As the Daily Mail’s This is Money pages explained in an article dated the 4th of January 2017, one of the first steps by government was to gradually bring the retirement age for women in line with that of men. These changes are being phased in until their completion in November 2018 – with a woman’s precise state pension age being determined by the month in which they were born.
After the retirement age for women has risen to 65 (in line with men) by November 2018, further changes are already set to be made to the retirement age for both men and women:
- between October 2018 and October 2020, state pension age is set to rise to 66 for both men and women;
- between 2026 and 2028 it will again rise to 67 years; and
- further changes in state retirement age may be made in response to changes in life expectancy.
At its very simplest, the 65 years of age for men and 60 years for women is no longer the automatic cut off point and end of anyone’s working life.
You can read more about the new Pension rules here (this will link to copy within Pensions section)
Living longer in Retirement
The statistics speak for themselves. We are all living that much longer.
According to the latest figures released by the Office of National Statistics (ONS) in Britain the life expectancy at birth is 79.1 years for men and 82.8 years.
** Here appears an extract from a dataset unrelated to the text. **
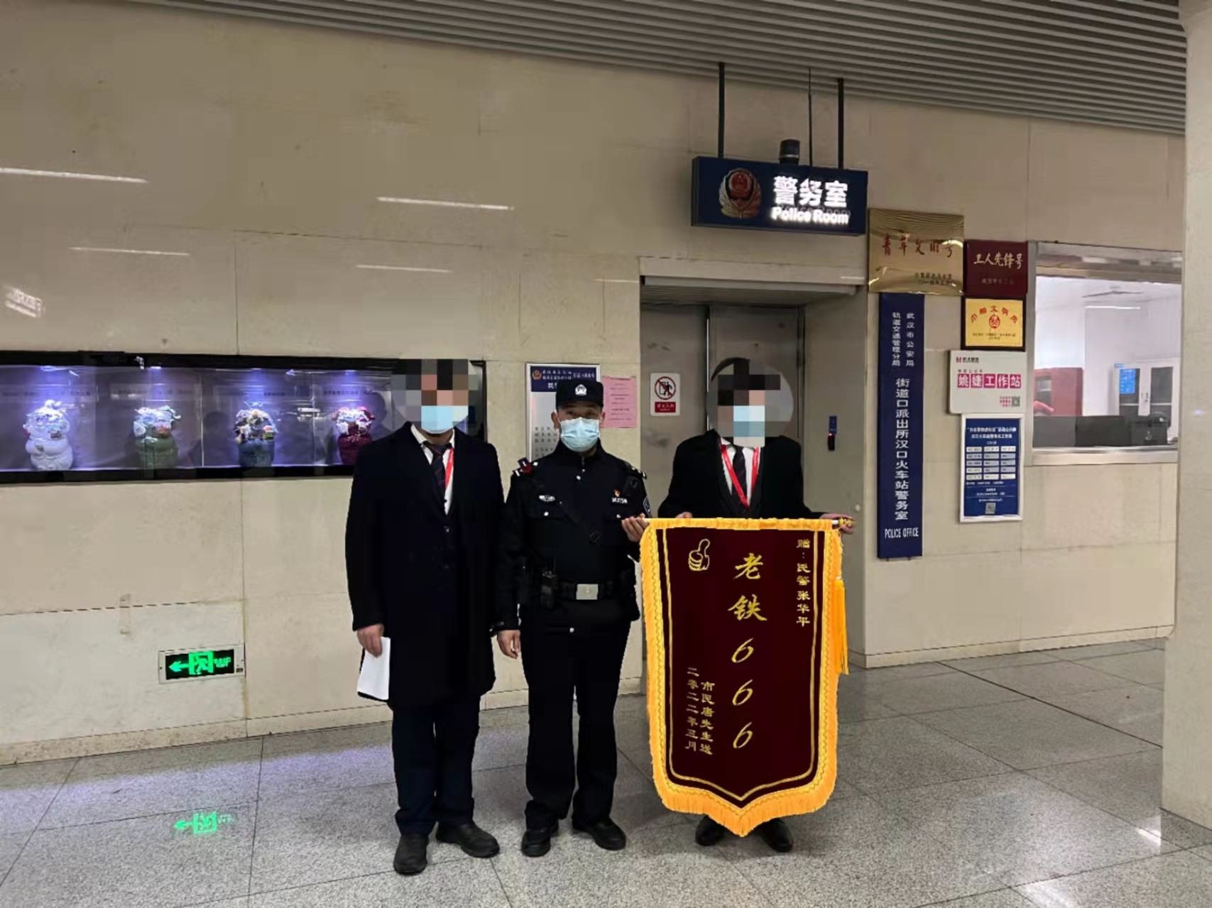 長江日報大武漢客戶端3月8日訊(記者徐丹 通訊員張祖華)3月6日一大早,24歲的河南小伙唐先生和同事一起來到地鐵2號線漢口火車站警務室,為民警張華平送上一面特別的錦旗,錦旗上“老鐵666”幾個字特別醒目。警務室的工作人員都樂了,爭著過來詢問究竟,這才帶出了錦旗背后一段暖心的故事。

This is a considerable increase on the
figures at the beginning of the 20th century when life expectancy was a mere 45 for men and 49 for women.
More startling, perhaps, is the projection made in a recent paper by the Royal Geographical Society, entitled 21st Century Challenges, that one in every three children born in the year 2013 is expected to live until they are 100 years old or more.
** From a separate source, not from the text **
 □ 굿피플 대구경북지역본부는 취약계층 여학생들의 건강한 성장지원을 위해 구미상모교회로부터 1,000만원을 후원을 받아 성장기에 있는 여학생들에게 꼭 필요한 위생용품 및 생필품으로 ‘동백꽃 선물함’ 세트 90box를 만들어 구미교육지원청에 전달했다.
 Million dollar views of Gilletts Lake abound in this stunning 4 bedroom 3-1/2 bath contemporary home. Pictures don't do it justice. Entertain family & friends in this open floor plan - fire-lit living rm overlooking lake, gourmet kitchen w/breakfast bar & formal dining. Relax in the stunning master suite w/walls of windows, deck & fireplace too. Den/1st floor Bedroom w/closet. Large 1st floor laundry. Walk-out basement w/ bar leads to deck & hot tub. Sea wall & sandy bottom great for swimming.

As a result, we may be reaching – and in some cases, have already reached – a situation in which people spend a greater proportion of their lives in retirement than they do at work.
This sea of change in the work life balance clearly has far reaching implications, not least for our whole concept of retirement, how to prepare for it and how to live it.
Included in those implications are some fundamental questions you might want to address, such as:
- at what age is it possible to retire and receive my state pension (occupational pension schemes already have many different retirement ages);
- what is my income likely to be upon retirement;
- will I be able to retire at all – or have to postpone your preferred retirement date;
- what financial planning is necessary in order to prepare for my retirement;
- how am I and my relatives going to fund the costs of my eventual funeral; and
- what, if any, scope is left over pursuing favourite hobbies and pastimes – or simply living the life I have earned in retirement.
These are all questions that bear closer examination – so let’s see what financial help may be available from the state, in return for the National Insurance contributions you have been paying throughout your working life.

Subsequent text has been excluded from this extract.